Challenge Introduction

We are proud to announce that this year the challenge will host six diverse tasks which aim to push the limits of semantic visual understanding of videos as well as bridging visual content with human captions. Three out of the seven tasks are based on the ActivityNet dataset, which was introduced in CVPR 2015 and organized hierarchically in a semantic taxonomy. These tasks focus on trace evidence of activities in time in the form of proposals, class labels, and captions.

In this installment of the challenge, we will host three guest tasks which enrich the understanding of visual information in videos. These tasks focus on complementary aspects of the activity recognition problem at large scale and involve challenging and recently compiled activity/action datasets, including Kinetics (Google DeepMind), AVA (Berkeley and Google), and Moments in Time (MIT and IBM Research).

ActivityNet Tasks

Task 1

2nd trial

Temporal Action Proposals (ActivityNet)

This task is intended to evaluate the ability of algorithms to generate high quality action proposals. The goal is to produce a set of candidate temporal segments that are likely to contain a human action.

Task 2

3rd trial

Temporal Action Localization (ActivityNet)
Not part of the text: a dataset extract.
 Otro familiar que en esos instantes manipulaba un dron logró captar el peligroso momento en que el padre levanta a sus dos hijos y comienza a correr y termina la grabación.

This task is intended to evaluate the ability of algorithms to temporally localize activities in untrimmed video sequences. Here, videos can contain more than one activity instance, and mutiple activity categories can appear in the video.

Task 3

2nd trial

Dense-Captioning Events in Videos (ActivityNet Captions)
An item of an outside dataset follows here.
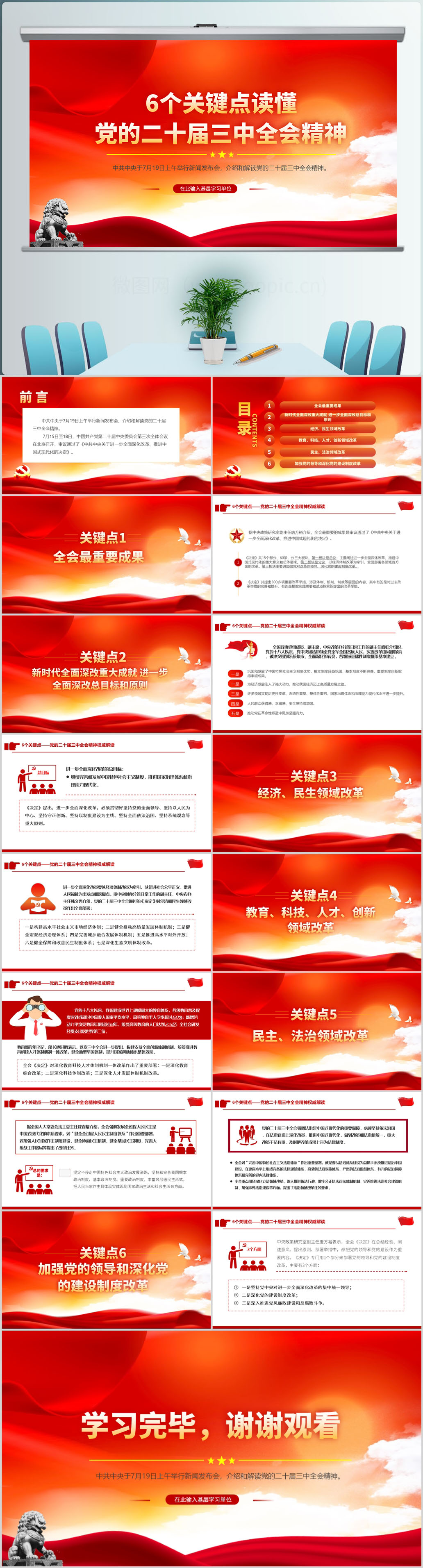 学习6个关键点读懂二十届三中全会精神解读ppt模板(内含WORD演讲稿)

This task involves both detecting and describing events in a video. For this task, participants will use the ActivityNet Captions dataset, a new large-scale benchmark for dense-captioning events.

Guest Tasks

Task A

2nd trial

Trimmed Activity Recognition (Kinetics)

This task is intended to evaluate the ability of algorithms to recognize activities in trimmed video sequences. Here, videos contain a single activity, and all the clips have a standard duration of ten seconds. For this task, participants will use the Kinetics dataset, a large-scale benchmark for trimmed action classification.

Task B

New

Spatio-temporal Action Localization (AVA)
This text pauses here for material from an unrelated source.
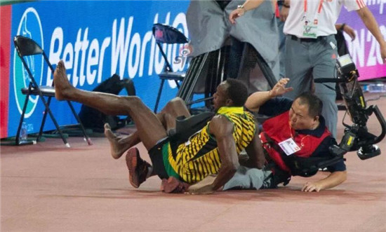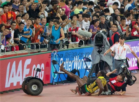 北京时间8月27日,2015年北京世界田径锦标赛继续进行。在举世瞩目的男子200米决赛中,博尔特以19秒55成功卫冕再次击败加特林。然而比赛结束后,博尔特却发生了意外,跟踪拍摄博尔特的摄像大哥一个没刹住,将牙买加闪电当场撞翻。

This task is intended to evaluate the ability of algorithms to localize human actions in space and time. Each labeled video segment can contain multiple subjects, each performing potentially multiple actions. The goal is to identify these subjects and actions over continuous 15-minute video clips extracted from movies. For this task, participants will use the new AVA atomic visual actions dataset.

Task C

New

Trimmed Event Recognition (Moments in Time)

This task is intended to evaluate the ability of algorithms to classify events in trimmed 3-second videos. Here, videos contain a single activity, and all clips have a standard duration of 3 seconds. There will be two tracks. The first track will use the Moments in Time dataset, a new large-scale dataset for video understanding, which has 800K videos in the training set. For the second track, participants will use the Moments in Time Mini dataset, a subset of Moments in Time with 100k videos provided in the training set.